El ministro de Economía, Luis Caputo, destacó que la desregulación comercial y la quita de aranceles aduaneros impulsaron un fuerte crecimiento en las ventas oficiales de teléfonos Apple en el país. Tras reunirse con representantes de la firma tecnológica, el funcionario aseguró que el valor al público se redujo hasta quedar apenas un 30% arriba de la referencia de Estados Unidos, un escenario que contrasta con la brecha de casi el 70% que todavía registran las principales tiendas locales.
Las claves de la distorsión de precios
El argumento oficial: La eliminación de tasas de importación a celulares de este año redujo las alícuotas del Estado en un 16% en dos tramos.

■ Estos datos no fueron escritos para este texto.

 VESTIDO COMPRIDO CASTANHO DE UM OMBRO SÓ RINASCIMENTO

La brecha real en góndolas: El valor de venta al público en los locales autorizados en el país es casi un 70% más caro que en el mercado norteamericano.

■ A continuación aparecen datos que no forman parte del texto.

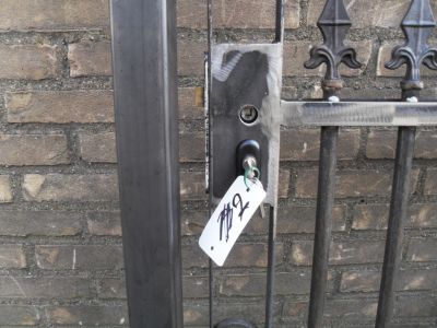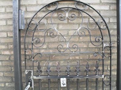 • onbehandelde smeedijzeren poort van 1.80m hoog en een doorgang van ruim 90 cm. kompleet met hang en sluitwerk ( geen klink) en 2 palen die de grond in moeten. totale breedte incl palen is zo n 1,10m. behandeltip: laten roesten en dan met hammeite schilderen/spuiten.

Desventaja logística: A diferencia de competidores que producen en Tierra del Fuego, Apple debe importar todos sus dispositivos desde China o India.

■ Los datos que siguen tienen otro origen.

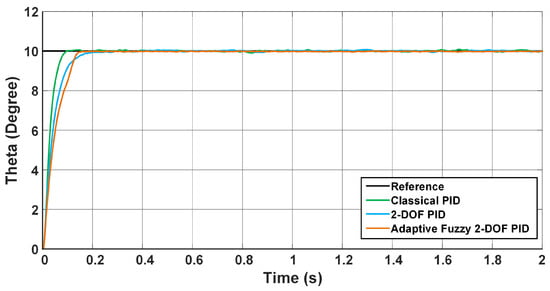 In the Co-Simulation studies, the system was controlled with the classical PID, 2-DOF PID, and AF 2-DOF PID controller. In order to analyse the controller performances, the system was tested with varying loads and reference values. In the first scenario, the reference balance angle is given as 10 degrees. In this case, the balance angle changes for all controllers given in Figure 20. Table 8 gives the performance criteria of the controllers for this scenario. As seen in Figure 20 and Table 8, all of the controllers caught the reference value in a short time and followed the reference steadily. However, although the 2-DOF PID controller achieved the reference earlier, the AF 2-DOF PID controller showed a finer performance than other controllers due to its lower overshoot value and less ripple value in steady state.

El beneficio impositivo resulta clave para las firmas que traen terminales de alta gama armados en el exterior. Al no contar con terminales de ensamblaje en el polo industrial del sur argentino, el ingreso de tecnología dependía exclusivamente de los cupos y aranceles de importación, regulaciones que el Palacio de Hacienda comenzó a desmantelar desde el inicio de la actual gestión.
El mapa de valores: Argentina frente a Estados Unidos
La disparidad entre los cálculos presentados por la cartera económica y la realidad de los mostradores es notoria en los modelos de última generación. Un iPhone 17 Pro Max de 512 GB —el dispositivo tope de gama de la marca— se comercializa en los distribuidores oficiales de Argentina a un promedio que oscila entre los $3,55 millones y los $4 millones, con alternativas de financiación en cuotas.
En los Estados Unidos, ese mismo equipo tiene un precio de lista de 1.399 dólares. Si se toma como referencia una compra realizada en una tienda de Miami (sumando el 7% de tasas estatales), el valor final se consolida en 2,12 millones de pesos si se cuenta con billetes propios en cuenta, o 2,76 millones de pesos en caso de abonar con el denominado “dólar tarjeta”.
Comparativa regional con Chile y Brasil
El análisis de mercado posiciona a la plaza local en los escalones más altos de la región para el consumo tecnológico. Por ejemplo, el modelo estándar iPhone 17 de 256 GB, que en las tiendas oficiales argentinas cuesta entre $2,06 millones y $2,3 millones, exhibe realidades marcadamente opuestas al cruzar las fronteras.
En Chile, un comprador puede adquirir ese mismo dispositivo por 1 millón de pesos chilenos (equivalentes a $1,54 millones), beneficiado por los tratados de libre comercio directos que el país trasandino mantiene con Norteamérica. En la otra vereda se encuentra Brasil, donde el valor al público se sitúa en los 8.000 reales ($2,2 millones), consolidándose históricamente junto con la Argentina como los mercados más costosos del continente para el ecosistema Apple.